Про писать Гена не подумал. Пришлось остаться и влиться в ряды внуков Ильича.

***

– Они испортят ребенка своей шаблонной болтологией! – жаловался Генин дедушка Гениной бабушке. – Вобьют ему в голову «Октябрьская революция – мост к светлому будущему!», «Учеба – труду подмога!», «Вперед, к торжеству коммунизма» и прочую штамповку. Их задача – учить детей приспосабливаться к утвержденным свыше мнениям: лозунг сказал – думать не надо.

У Севивончика-дедушки имелись своеобразные воззрения на воспитание детей. Школу он считал бесполезным заведением, а учителей – вздорными созданиями, призванными портить ребятишкам детство – лучшую пору жизни. Абсолютно солидарный с дедушкой, Гена такой подход одобрял полностью. Зато не одобряла Генина мама. Именно она ходила на родительские собрания выслушивать «комплименты».

– Учительница сказала, что Гена вместо «тусклое солнце» написал «тухлое».

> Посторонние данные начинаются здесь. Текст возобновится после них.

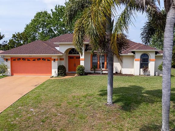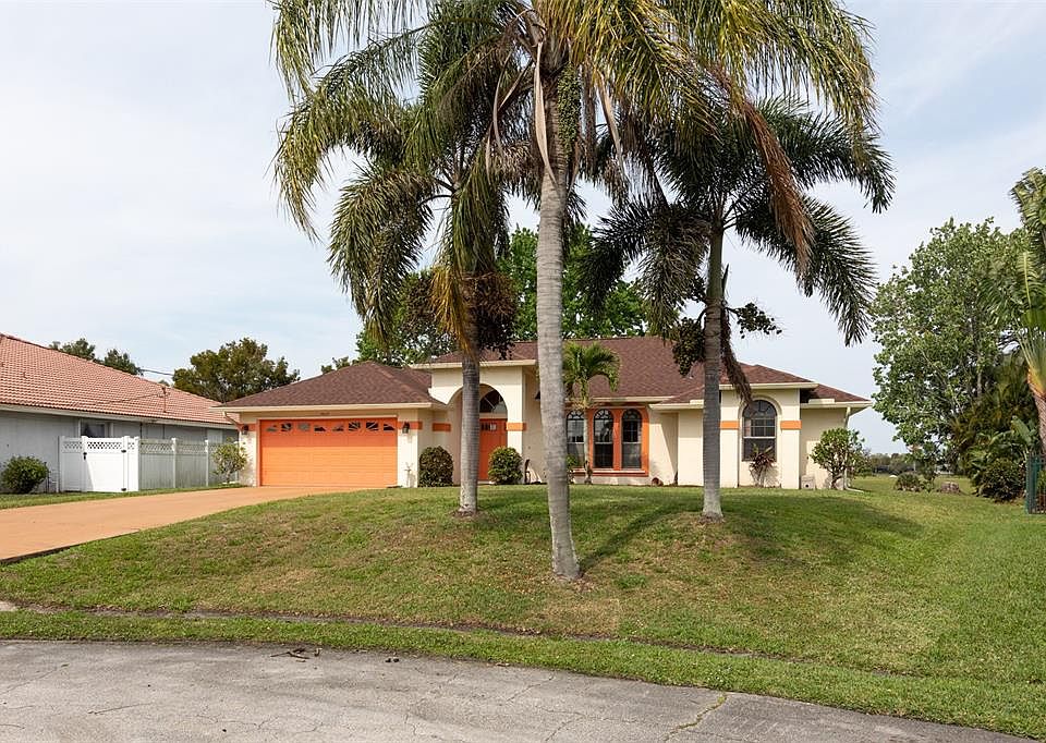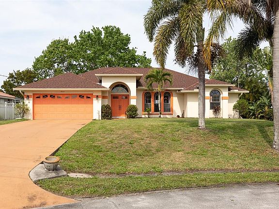 BACK ON THE MARKET! BUYER FINANCING FELL THROUGH. HOUSE PASSED ALL INSPECTIONS. ROOF 2022. This 3 bedroom, 2.5 bath, 2 car garage home is Move in Ready! Beautiful tropical oasis with several mature trees on the property located on an oversized cul-de-sac lot with relaxing water view. Freshly painted and new vinyl flooring in the Master Bedroom. Ceramic tile and vinyl flooring throughout. Features include an eat-in kitchen, formal dining room and living room, vaulted ceilings throughout with tray ceiling in the Master Bedroom. Master Bath has a Roman tub, dual vanity with separate shower. Master Bedroom has French doors leading to a covered Lanai. Kitchen has matching stainless appliances. Laundry room complete with washer/dryer. Garage with a utility sink for quick cleanups.

– Ну и что? – хмурил густые брови дедушка. – Гек адекватно написал. Тухлое – потому как тухнет. В смысле, гаснет. А тупая училка думает, что тухнет – плохо пахнет. В некотором смысле допускается и такая трактовка, но почему солнце не может протухнуть? Оно торчит на небосклоне черт знает сколько тысячелетий! Такую возможность стоит рассмотреть хотя бы как гипотезу. Не понимает эта курица ход мыслей нестандартного ребенка. Я всегда утверждал: домашнее обучение – намного эффективнее школьной муштры, но кто меня слушает?

– Учительница сказала, что у Гены прекрасный почерк, но наш мальчик не хочет писать числительные цифрами, а пишет словами. Говорит, так красивее.

– Ну и что? Пусть пишет словами. Лишь бы писал.

– Но он пишет с ошибками!

– Кого это колышет? – дедушка невозмутимо пожимал плечами.

– Как это кого колышет? Гена не знает правил написания мягкого знака в числительных!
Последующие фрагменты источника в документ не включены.